Start by cleaning and chopping the vegetables. Wash, dry and dice the salted pork. Render the pork meat on medium heat in a Dutch oven. Once lightly coloured add the leek, carrot, celery and shallot. Allow to cook for 5 to 10 minutes. You’re looking for a bit of colour, but not too much. Now add the tomatoes and the garlic. Once warm, wait for a few minutes before adding some white stock. This is a tricky part: if you add too much stock your sauce will be thin. Therefore some recipes suggest adding flour. We decided against it because we want a natural consistency. Now it’s a matter of simmering, either in the oven or on low heat. Allow to simmer for 90 minutes.
Remove the pork meat from the sauce. Pass the sauce through a sieve, making sure you capture all those lovely juices. It’s hard work, but the remainder in your sieve should be as dry as possible.

The Art of Sauces: Modern Tomato Sauce

We love a good sauce: it supports the flavours, it adds complexity to the dish and it brings components together. Orange sauce with duck, Béarnaise with beef, Sauce Mornay on a Croque Monsieur: the sauce is the key to the dish.

Marie-Antoine Carême (1784 – 1833) was the first chef to analyse sauces and create a classification. He identified four leading (mother) sauces and described how other sauces could be derived from these four. His four leading sauces are Espagnole (made with brown roux, roasted bones and brown stock), Velouté (white roux and light (veal) stock), Béchamel and Allemande (light roux with veal stock and thickened with egg yolks and cream). If for instance you want to make a Pepper Sauce, then you start by making a Sauce Espagnole.

Auguste Escoffier (1846 – 1935) refined the classification and replaced Sauce Allemande with Sauce Tomate as leading sauce. Later Hollandaise and Mayonnaise were added to the list of main sauces.

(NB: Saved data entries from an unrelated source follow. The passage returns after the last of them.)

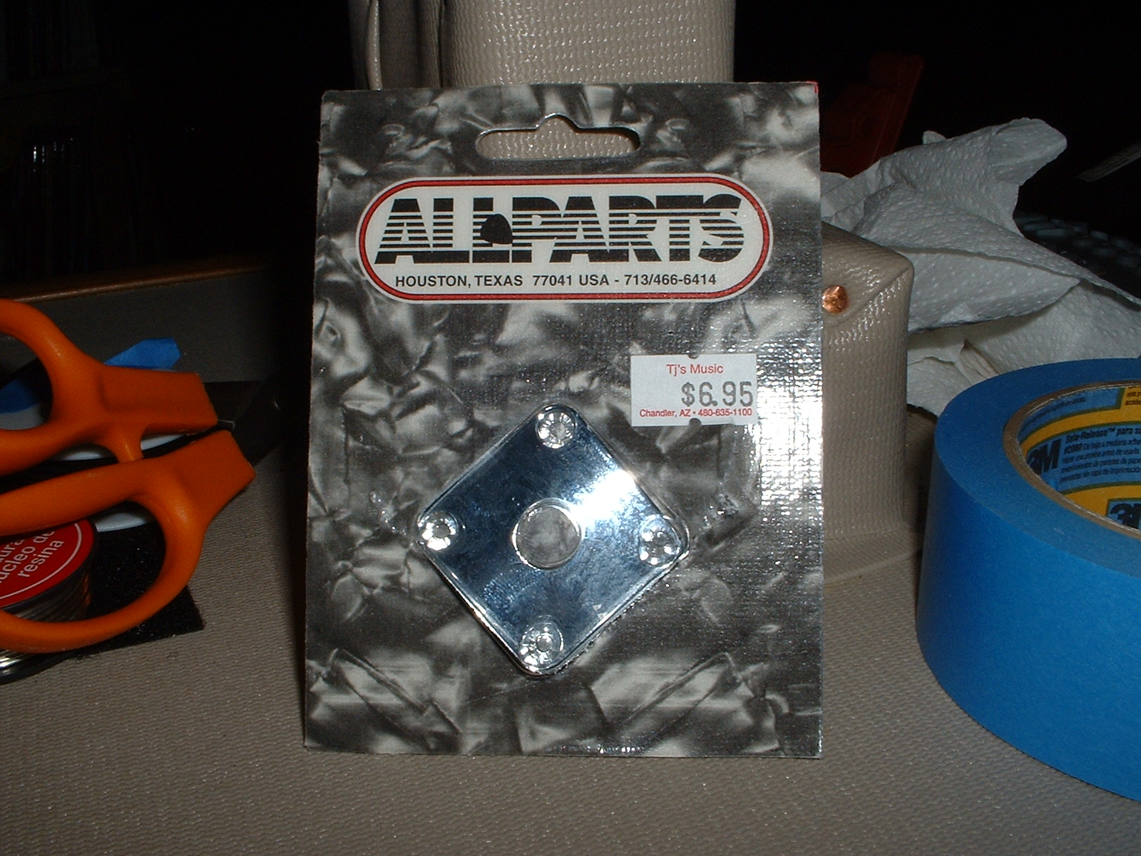 The new input jack cover plate - similar to the Les Paul square cover plate. This will cover the little chip remnants that can be seen with the original recessed "cup style" cover plate. It will also provide a better seat for the input jack. [Added 10/24/06]
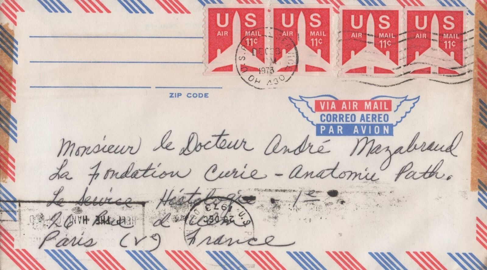ZAYIX US Air Mail 44c rate US Postal Service, OH to Paris, France 031923SM74
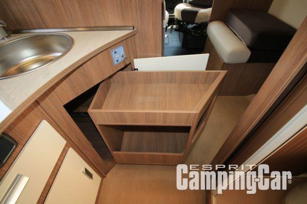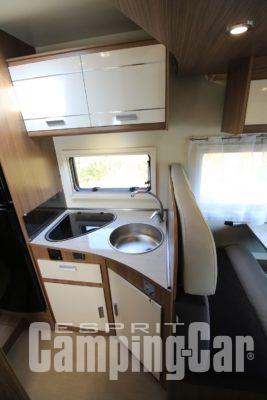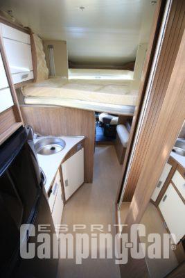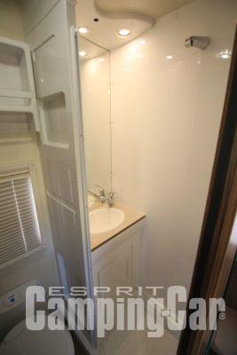 La kitchenette s’équipe d’un réfrigérateur 150l. En face, le constructeur présente une salle d’eau originale. Si elle se présente sous un côté deux-en-un, la douche est toutefois complètement indépendante.
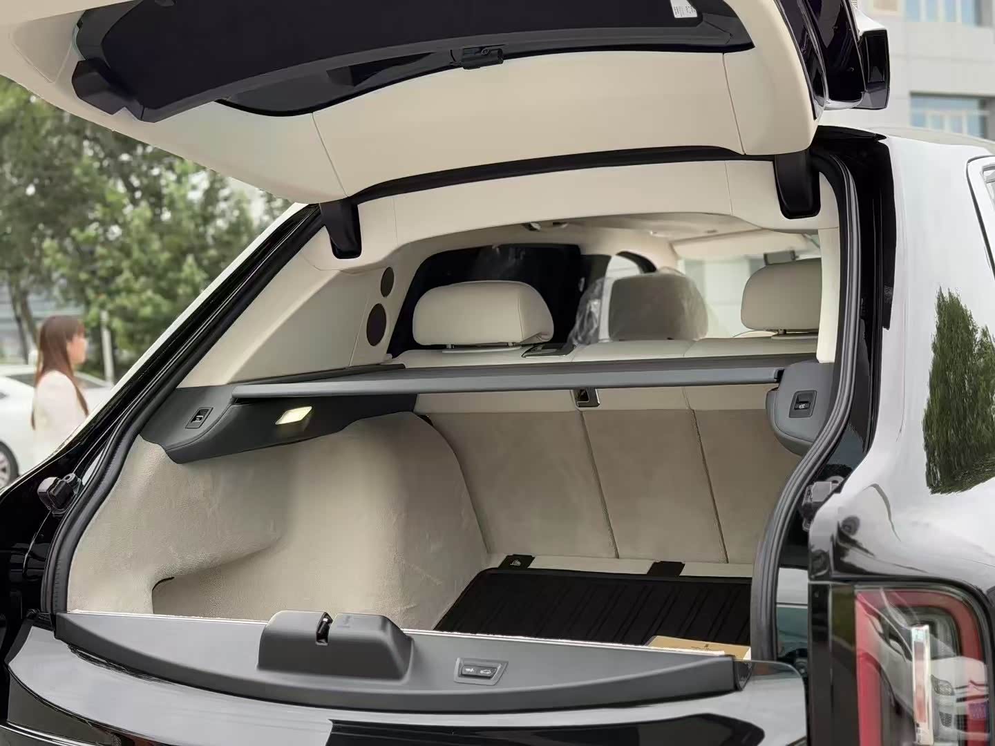 劳斯莱斯库里南后排两个独立座椅之间设有后排中央固定扶手,可容纳带有劳斯莱斯威士忌酒具的酒柜、香槟酒具和冷藏箱,为后排乘客带来旅途中的终极享受。整体造型依旧充满力量感。尾灯造型相比全新幻影更加方正,环状的LED灯带内部镶嵌着带有双R标志的装饰,更显精致。

Sauce Tomate as prepared by Carême and Escoffier is very different from the sauce we use on pizza’s and pasta’s. It’s made with salted pork, veal stock, bones, various aromatic vegetables and of course tomatoes. Among the derived sauces are Sauce Portuguese and Sauce Provençal.
Next week we will share the Classic way of cooking Sauce Tomate in detail; today we share our modern (vegetarian) recipe.
The sauce freezes very well, so ideal to make a nice quantity.

What You Need

  • 4 – 6 Excellent Ripe Tomatoes (depending on the size)
  • 1 Red Bell Pepper (preferably grilled and peeled)
  • ½ Chilli
  • 1 Onion
  • 1 Garlic Clove
  • Olive oil
  • 1 Glass of Red Wine
  • Bouquet Garni (Parsley, Thyme, Rosemary, Bay Leaf)

What You Do

Wash the tomatoes and slice in chunks. Peel the onion and chop. Add olive oil to the pan and glaze the onion for 10 minutes or so. Stir and add the sliced bell pepper and the sliced and seeded chilli. Let cook on medium heat for 5 minutes or so. Reduce heat. Add the chopped garlic clove. After 5 minutes or so add the sliced tomatoes, the red wine and the bouquet garni. Leave for 2 hours minimum to simmer. Remove the bouquet garni and blender the mixture. Pass through a sieve and leave to simmer for another 2 hours. Cool and transfer to the refrigerator or freezer.

PS Grilling a bell pepper: slice the pepper in large slices. Set your oven to grill, put a sheet of aluminium foil on the baking tray, put the slices on the foil, skin up and transfer to the oven, as close to the grill as possible. Wait for 10 minutes or until the skin is seriously burned. Transfer the slices to a plastic container and close the lid. Wait for an hour. Using your fingers and perhaps a knife, peel of the skin. Store the bell pepper and the juices in the refrigerator. The taste is deeper and sweeter compared to raw bell pepper.

Grilled Swordfish with a Spicy Tomato Sauce

Red List

Before we start cooking, be aware that Swordfish is on the Greenpeace red list, so try to find the origin of your swordfish. Having done that assess the quality of the swordfish. No doubt it was frozen, so an extra reason to look carefully and smell. As always: if fish smells like fish, then don’t buy it.
If swordfish looks it has been pre-prepared (sometimes salt or smoke are used) or the flesh is not transparent: don’t buy it. For some reason you need to be extra critical when buying swordfish. But once you’ve found good, fresh swordfish, you have found yourself a great starter.
Also note that swordfish is a predator. Some organisations mention the risk of mercury when eating swordfish, so don’t eat it too often we would say.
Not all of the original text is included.